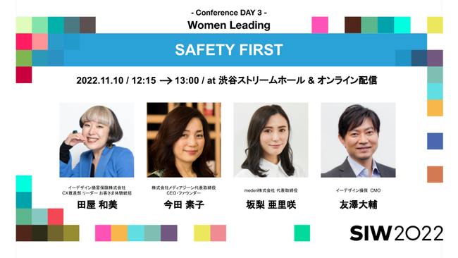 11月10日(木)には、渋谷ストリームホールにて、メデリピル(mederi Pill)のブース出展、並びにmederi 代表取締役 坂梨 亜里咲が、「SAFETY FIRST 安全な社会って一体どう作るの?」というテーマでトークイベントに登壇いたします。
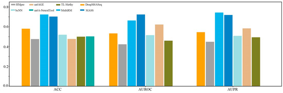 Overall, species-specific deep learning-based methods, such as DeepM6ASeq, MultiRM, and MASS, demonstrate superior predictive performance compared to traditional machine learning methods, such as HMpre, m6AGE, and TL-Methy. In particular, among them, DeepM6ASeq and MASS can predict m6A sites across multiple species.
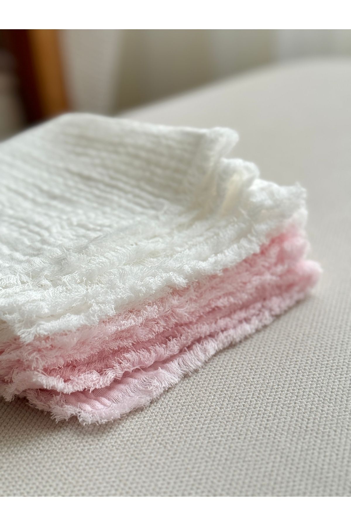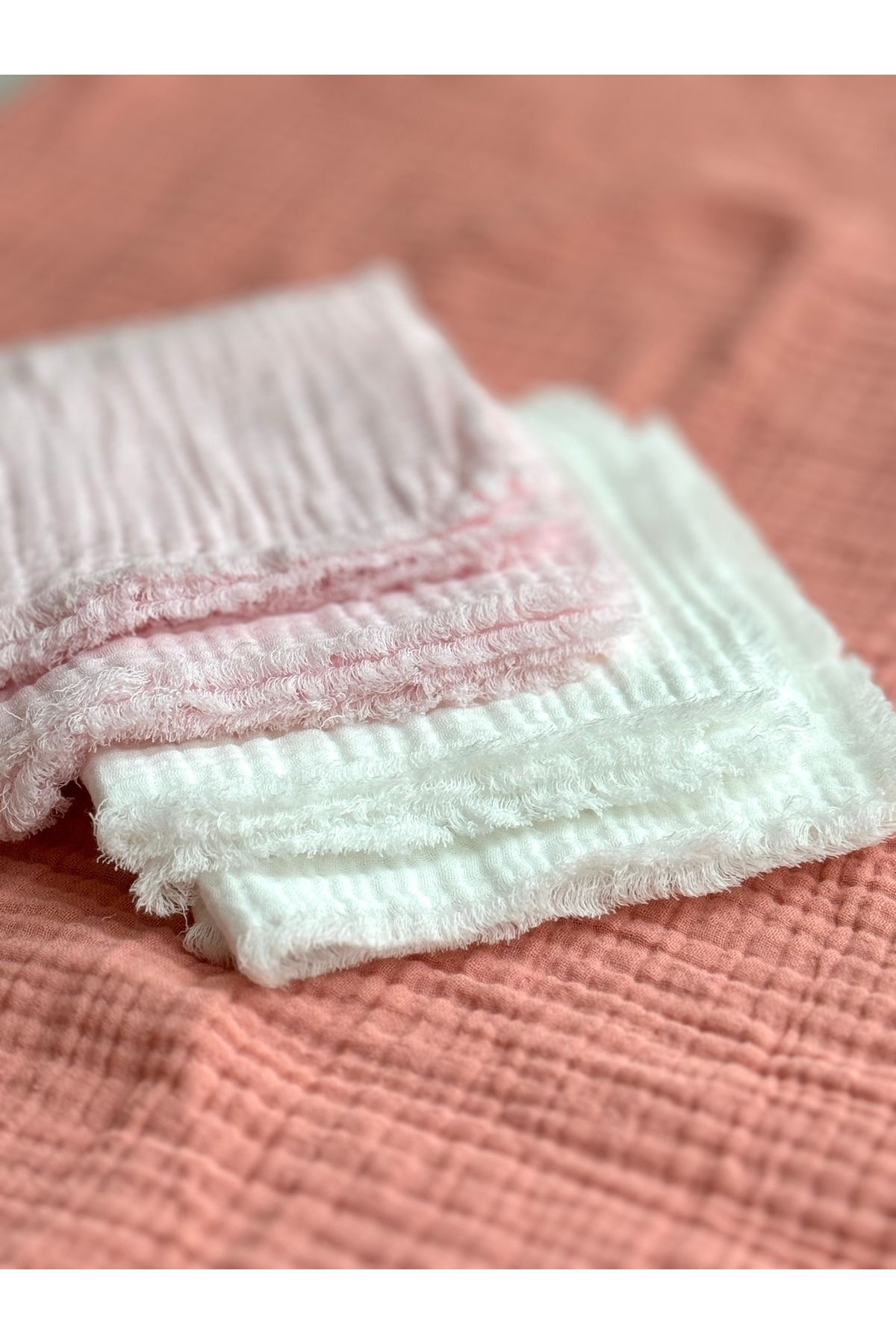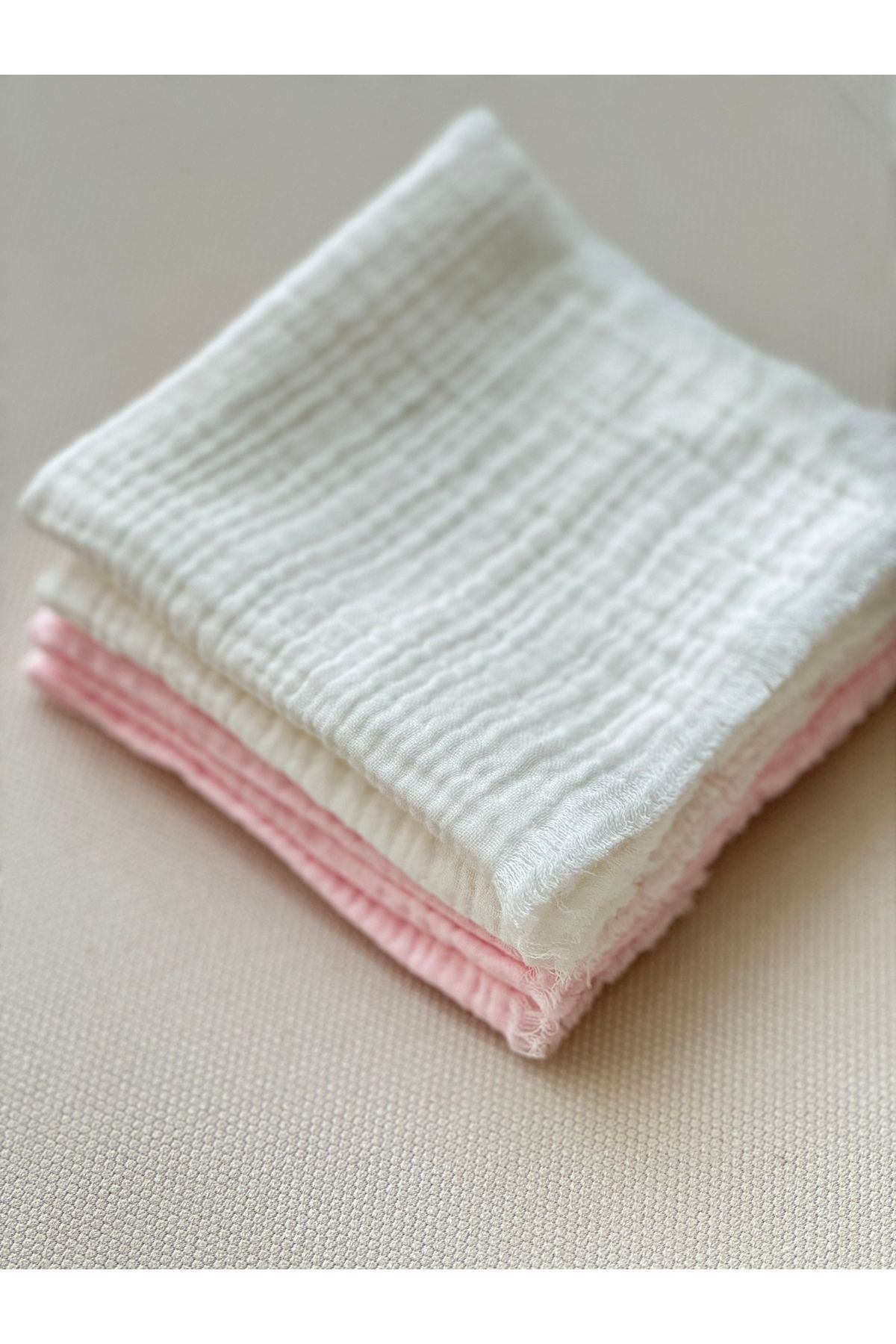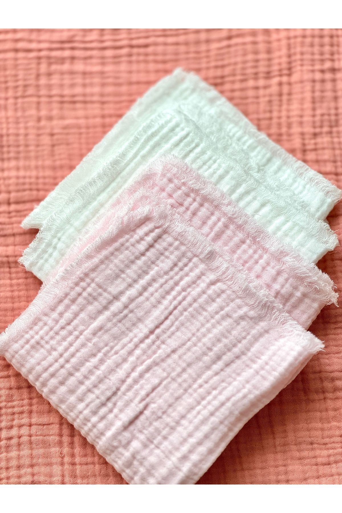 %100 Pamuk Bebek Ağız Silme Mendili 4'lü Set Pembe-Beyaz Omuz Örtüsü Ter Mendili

※ ※ ※

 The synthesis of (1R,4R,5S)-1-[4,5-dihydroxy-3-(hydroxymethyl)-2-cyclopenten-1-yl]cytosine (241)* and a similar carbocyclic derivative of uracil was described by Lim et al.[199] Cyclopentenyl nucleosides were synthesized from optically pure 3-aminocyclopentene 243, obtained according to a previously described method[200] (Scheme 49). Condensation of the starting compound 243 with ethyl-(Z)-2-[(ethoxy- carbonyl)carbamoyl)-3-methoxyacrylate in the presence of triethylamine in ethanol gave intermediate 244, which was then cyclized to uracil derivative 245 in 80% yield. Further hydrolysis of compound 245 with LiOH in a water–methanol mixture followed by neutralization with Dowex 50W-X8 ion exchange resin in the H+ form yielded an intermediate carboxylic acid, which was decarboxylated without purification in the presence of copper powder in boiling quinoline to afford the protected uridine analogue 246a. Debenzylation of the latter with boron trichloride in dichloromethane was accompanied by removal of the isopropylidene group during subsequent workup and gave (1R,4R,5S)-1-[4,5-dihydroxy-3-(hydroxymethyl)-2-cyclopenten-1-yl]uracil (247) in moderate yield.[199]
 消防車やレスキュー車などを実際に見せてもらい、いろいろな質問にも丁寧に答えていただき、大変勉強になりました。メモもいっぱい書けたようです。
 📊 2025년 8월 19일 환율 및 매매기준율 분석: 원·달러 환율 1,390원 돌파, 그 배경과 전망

※ ※ ※

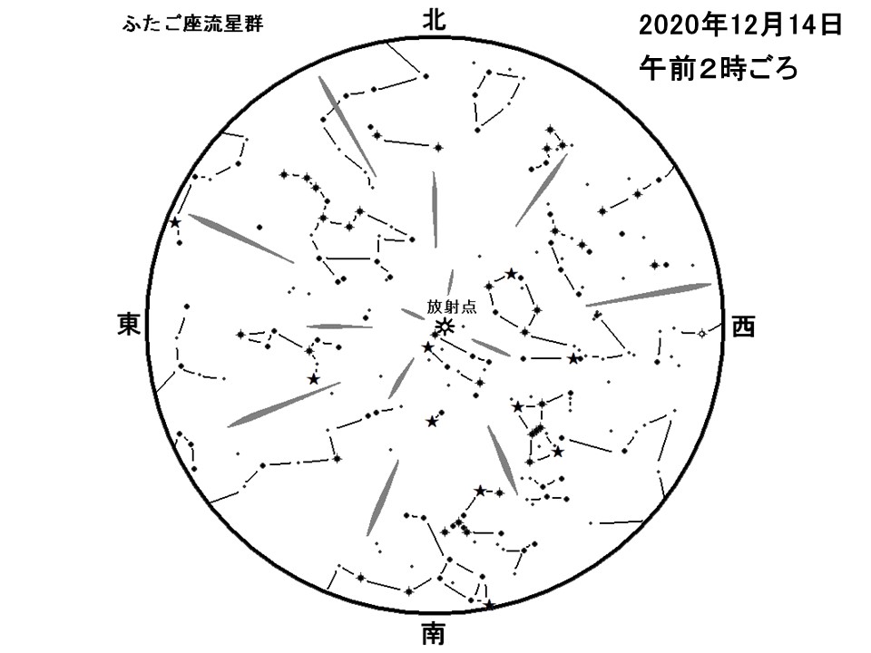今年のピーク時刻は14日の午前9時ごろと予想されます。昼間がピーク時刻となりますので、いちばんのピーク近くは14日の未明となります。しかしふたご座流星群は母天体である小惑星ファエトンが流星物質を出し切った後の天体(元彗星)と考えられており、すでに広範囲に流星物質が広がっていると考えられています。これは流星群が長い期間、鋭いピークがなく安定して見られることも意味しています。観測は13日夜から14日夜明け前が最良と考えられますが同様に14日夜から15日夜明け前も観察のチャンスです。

※ ※ ※

▶ About this task: Using the data above, print exactly the lines from the line that contains "The synthesis of" through the line that contains "돌파, 그 배경과 전망", with both included.

▶ Exercise output:
 The synthesis of (1R,4R,5S)-1-[4,5-dihydroxy-3-(hydroxymethyl)-2-cyclopenten-1-yl]cytosine (241)* and a similar carbocyclic derivative of uracil was described by Lim et al.[199] Cyclopentenyl nucleosides were synthesized from optically pure 3-aminocyclopentene 243, obtained according to a previously described method[200] (Scheme 49). Condensation of the starting compound 243 with ethyl-(Z)-2-[(ethoxy- carbonyl)carbamoyl)-3-methoxyacrylate in the presence of triethylamine in ethanol gave intermediate 244, which was then cyclized to uracil derivative 245 in 80% yield. Further hydrolysis of compound 245 with LiOH in a water–methanol mixture followed by neutralization with Dowex 50W-X8 ion exchange resin in the H+ form yielded an intermediate carboxylic acid, which was decarboxylated without purification in the presence of copper powder in boiling quinoline to afford the protected uridine analogue 246a. Debenzylation of the latter with boron trichloride in dichloromethane was accompanied by removal of the isopropylidene group during subsequent workup and gave (1R,4R,5S)-1-[4,5-dihydroxy-3-(hydroxymethyl)-2-cyclopenten-1-yl]uracil (247) in moderate yield.[199]
 消防車やレスキュー車などを実際に見せてもらい、いろいろな質問にも丁寧に答えていただき、大変勉強になりました。メモもいっぱい書けたようです。
 📊 2025년 8월 19일 환율 및 매매기준율 분석: 원·달러 환율 1,390원 돌파, 그 배경과 전망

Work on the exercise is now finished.